**Requirement**:
The lines below, from the one holding "A group of disparate" through the one holding "Кабель USB - Type-C", are to be restated word for word, with all images left out.

**Source data**:

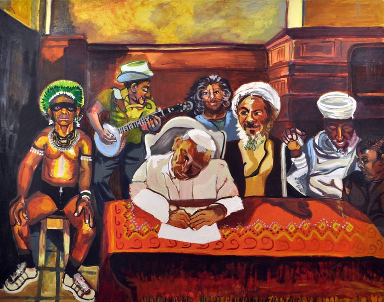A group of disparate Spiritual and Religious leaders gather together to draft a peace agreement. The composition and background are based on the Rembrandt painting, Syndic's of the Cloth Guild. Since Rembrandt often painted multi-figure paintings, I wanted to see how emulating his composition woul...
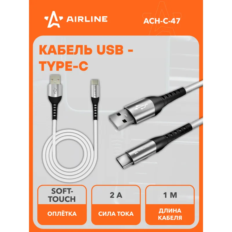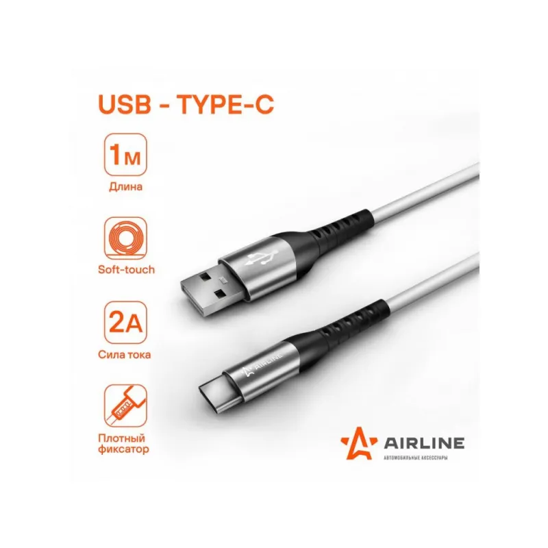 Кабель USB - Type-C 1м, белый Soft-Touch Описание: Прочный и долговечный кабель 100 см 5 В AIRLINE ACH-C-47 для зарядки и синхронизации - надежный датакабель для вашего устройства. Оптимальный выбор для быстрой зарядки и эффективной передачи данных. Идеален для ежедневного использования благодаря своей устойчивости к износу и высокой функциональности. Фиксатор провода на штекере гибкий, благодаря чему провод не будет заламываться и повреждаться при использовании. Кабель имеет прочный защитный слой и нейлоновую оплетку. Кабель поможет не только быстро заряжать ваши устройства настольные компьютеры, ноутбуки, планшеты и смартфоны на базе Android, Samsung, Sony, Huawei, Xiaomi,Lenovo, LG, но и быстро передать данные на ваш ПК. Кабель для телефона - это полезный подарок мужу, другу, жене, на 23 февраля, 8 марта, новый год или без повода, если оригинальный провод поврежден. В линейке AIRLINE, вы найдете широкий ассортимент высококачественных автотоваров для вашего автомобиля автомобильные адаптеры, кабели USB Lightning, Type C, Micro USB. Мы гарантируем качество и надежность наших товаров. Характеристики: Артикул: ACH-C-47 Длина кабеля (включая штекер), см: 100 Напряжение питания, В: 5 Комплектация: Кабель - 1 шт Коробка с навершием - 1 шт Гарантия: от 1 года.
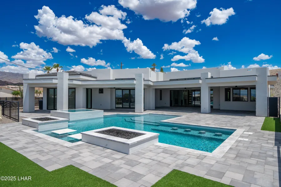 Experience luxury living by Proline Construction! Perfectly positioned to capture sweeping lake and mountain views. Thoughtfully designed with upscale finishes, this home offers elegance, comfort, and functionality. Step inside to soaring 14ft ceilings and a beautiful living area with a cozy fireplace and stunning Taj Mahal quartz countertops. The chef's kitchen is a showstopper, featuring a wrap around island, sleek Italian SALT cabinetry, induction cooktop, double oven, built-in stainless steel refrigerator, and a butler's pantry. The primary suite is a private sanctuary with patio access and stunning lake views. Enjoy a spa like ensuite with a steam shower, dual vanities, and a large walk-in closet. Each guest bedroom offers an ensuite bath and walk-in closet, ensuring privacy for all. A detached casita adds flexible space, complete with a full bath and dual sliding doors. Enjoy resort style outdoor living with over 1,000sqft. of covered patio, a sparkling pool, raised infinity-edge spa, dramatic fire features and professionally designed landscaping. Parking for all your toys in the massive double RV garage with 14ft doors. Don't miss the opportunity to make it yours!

==

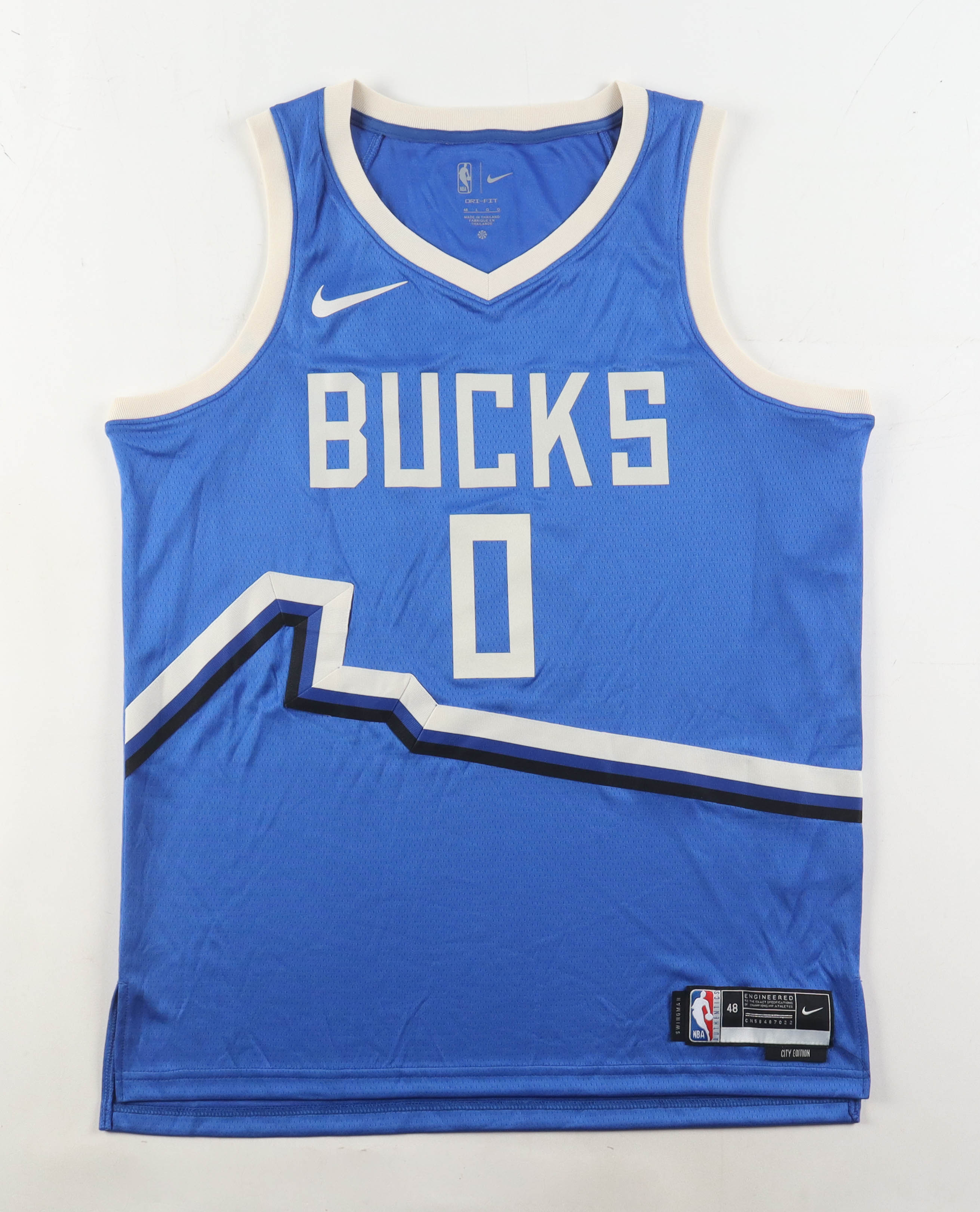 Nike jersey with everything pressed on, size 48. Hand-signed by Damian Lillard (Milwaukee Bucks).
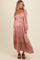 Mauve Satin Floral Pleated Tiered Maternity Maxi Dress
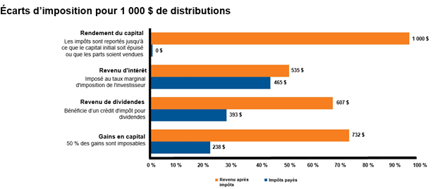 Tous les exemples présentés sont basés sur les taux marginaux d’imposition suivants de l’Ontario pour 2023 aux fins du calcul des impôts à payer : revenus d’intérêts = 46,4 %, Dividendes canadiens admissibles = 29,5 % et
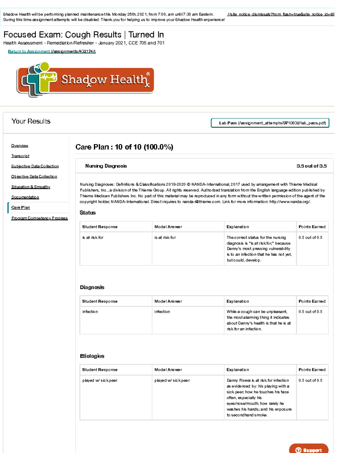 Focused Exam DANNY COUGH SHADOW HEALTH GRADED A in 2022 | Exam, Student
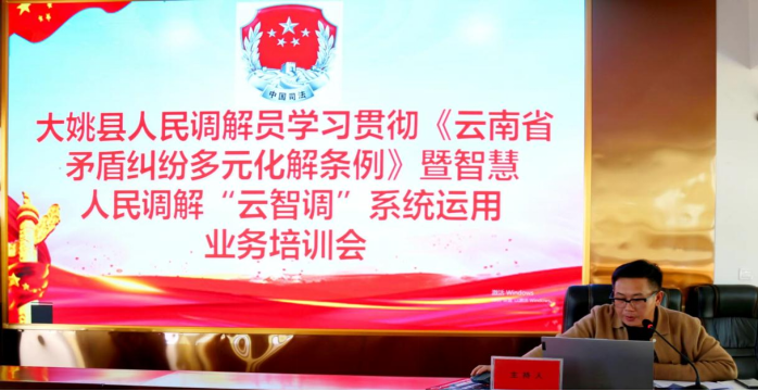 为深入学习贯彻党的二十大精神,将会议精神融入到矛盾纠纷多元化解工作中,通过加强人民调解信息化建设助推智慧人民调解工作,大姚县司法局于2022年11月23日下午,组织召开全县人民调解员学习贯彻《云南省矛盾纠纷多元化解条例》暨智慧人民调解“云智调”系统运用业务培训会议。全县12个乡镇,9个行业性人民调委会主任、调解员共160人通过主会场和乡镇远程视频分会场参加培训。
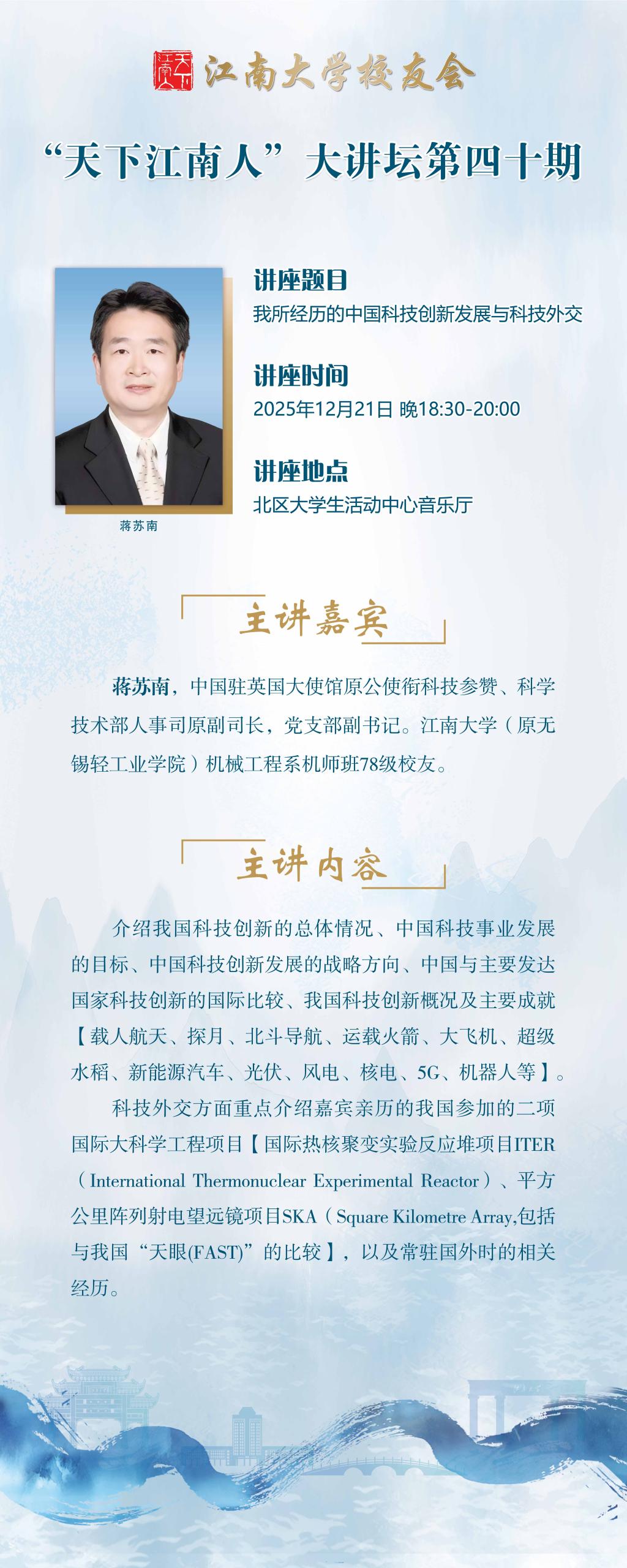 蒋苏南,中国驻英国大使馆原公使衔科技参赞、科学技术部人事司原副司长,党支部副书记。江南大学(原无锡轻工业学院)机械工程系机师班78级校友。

**Task response**:
A group of disparate Spiritual and Religious leaders gather together to draft a peace agreement. The composition and background are based on the Rembrandt painting, Syndic's of the Cloth Guild. Since Rembrandt often painted multi-figure paintings, I wanted to see how emulating his composition woul...
 Кабель USB - Type-C 1м, белый Soft-Touch Описание: Прочный и долговечный кабель 100 см 5 В AIRLINE ACH-C-47 для зарядки и синхронизации - надежный датакабель для вашего устройства. Оптимальный выбор для быстрой зарядки и эффективной передачи данных. Идеален для ежедневного использования благодаря своей устойчивости к износу и высокой функциональности. Фиксатор провода на штекере гибкий, благодаря чему провод не будет заламываться и повреждаться при использовании. Кабель имеет прочный защитный слой и нейлоновую оплетку. Кабель поможет не только быстро заряжать ваши устройства настольные компьютеры, ноутбуки, планшеты и смартфоны на базе Android, Samsung, Sony, Huawei, Xiaomi,Lenovo, LG, но и быстро передать данные на ваш ПК. Кабель для телефона - это полезный подарок мужу, другу, жене, на 23 февраля, 8 марта, новый год или без повода, если оригинальный провод поврежден. В линейке AIRLINE, вы найдете широкий ассортимент высококачественных автотоваров для вашего автомобиля автомобильные адаптеры, кабели USB Lightning, Type C, Micro USB. Мы гарантируем качество и надежность наших товаров. Характеристики: Артикул: ACH-C-47 Длина кабеля (включая штекер), см: 100 Напряжение питания, В: 5 Комплектация: Кабель - 1 шт Коробка с навершием - 1 шт Гарантия: от 1 года.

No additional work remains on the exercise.